Classification performance of ML models in distinguishing between early and late PSP patients

Finally, we investigated the performance of each structural MRI metric in distinguishing between early and late patients, separately for PSP-RS and PSP-P cohorts. As shown in Table S10, both classifiers (XGB and RF) showed that the cortical metrics were superior to the brainstem measurements (MRPI and MRPI 2.0) in distinguishing between early and late patients, with cortical thickness as the best feature in both PSP-RS and PSP-P cohorts.
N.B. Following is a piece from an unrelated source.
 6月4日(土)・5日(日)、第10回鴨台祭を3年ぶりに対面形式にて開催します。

The main difference between the two PSP phenotypes was the higher performance of subcortical volumes in distinguishing between early and late patients in PSP-P cohort than in PSP-RS cohort.

Discussion

In this study, we investigated the role of several structural MRI features including both planimetric (MRPI and MRPI 2.0) and volumetric data (cortical thickness, cortical volumes and subcortical volumes), in differentiating between PSP-RS and PSP-P patients. Machine Learning models using a combination of MRPI, and volumetric/thickness data showed the best classification performance in distinguishing between these two PSP phenotypes.
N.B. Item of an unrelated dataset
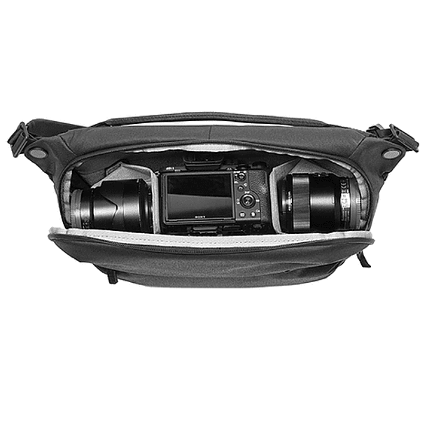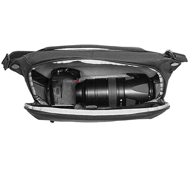 El Everyday Sling v2 10L de Peak Design es una opción de transporte compacto y versátil que se puede usar alrededor de la cintura o como un bolso normal, adaptable al hombro derecho o izquierdo. Está diseñado para ajustarse cómodamente contra el cuerpo, la apertura con cierre permite acceder fácilmente al compartimento principal, que incluye un divisor que se puede configurar de acuerdo al equipo específico que se transporta. El divisor es plegable y puede acoplar superficies curvas como el agarre de una cámara con una lente incorporado. Durante el uso, el divisor plegable mejora la protección entre esas superficies curvas y elementos adyacentes al tiempo que minimiza el área entre ellas para un uso más eficiente del espacio.

Differentiating between PSP-RS and PSP-P may be challenging in clinical practice [711], suggesting the need for objective imaging biomarkers to support the differential diagnosis between these two diseases. Previous MR studies found smaller volume of midbrain, superior cerebellar peduncles (SCPs), subthalamic nucleus and cerebellum, and more widespread white matter (WM) involvement in PSP-RS than in PSP-P at the group level [4851]. Pilot studies in small PSP cohorts reported excellent performances in differentiating between PSP-RS and PSP-P using DTI metrics in the dentatorubrothalamic tract [23, 50], but these findings were not confirmed by other authors [52, 53], making further studies necessary to explore the potential of DTI in the differential diagnosis between PSP phenotypes. Taken together, these findings suggest that no robust imaging biomarker to accurately differentiate among PSP-RS and PSP-P phenotypes at individual level is currently available.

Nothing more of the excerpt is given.